DATA SECTION ::

**********

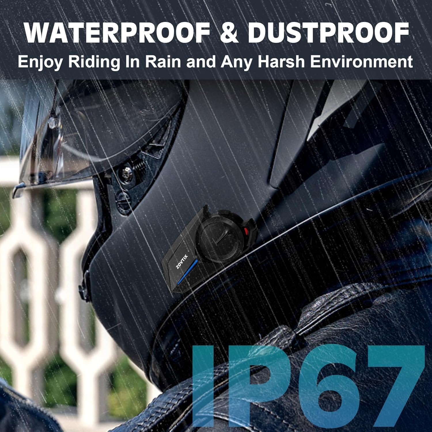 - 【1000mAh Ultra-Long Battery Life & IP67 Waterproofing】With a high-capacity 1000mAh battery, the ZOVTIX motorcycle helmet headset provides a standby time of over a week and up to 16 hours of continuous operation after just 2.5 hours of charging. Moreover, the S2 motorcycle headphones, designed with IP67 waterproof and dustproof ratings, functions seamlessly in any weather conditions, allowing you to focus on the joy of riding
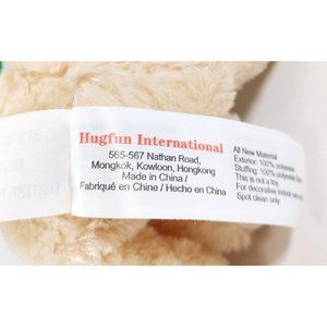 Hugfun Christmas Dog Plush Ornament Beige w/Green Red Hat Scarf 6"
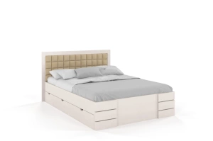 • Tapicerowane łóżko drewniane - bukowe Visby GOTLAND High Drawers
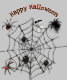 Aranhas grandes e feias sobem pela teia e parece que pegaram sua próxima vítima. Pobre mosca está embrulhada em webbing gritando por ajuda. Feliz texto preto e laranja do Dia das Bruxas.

**********

TASK PROMPT ::
Give all the lines above again, character for character, without pictures.

RESPONSE BELOW ::
 - 【1000mAh Ultra-Long Battery Life & IP67 Waterproofing】With a high-capacity 1000mAh battery, the ZOVTIX motorcycle helmet headset provides a standby time of over a week and up to 16 hours of continuous operation after just 2.5 hours of charging. Moreover, the S2 motorcycle headphones, designed with IP67 waterproof and dustproof ratings, functions seamlessly in any weather conditions, allowing you to focus on the joy of riding
 Hugfun Christmas Dog Plush Ornament Beige w/Green Red Hat Scarf 6"
 • Tapicerowane łóżko drewniane - bukowe Visby GOTLAND High Drawers
 Aranhas grandes e feias sobem pela teia e parece que pegaram sua próxima vítima. Pobre mosca está embrulhada em webbing gritando por ajuda. Feliz texto preto e laranja do Dia das Bruxas.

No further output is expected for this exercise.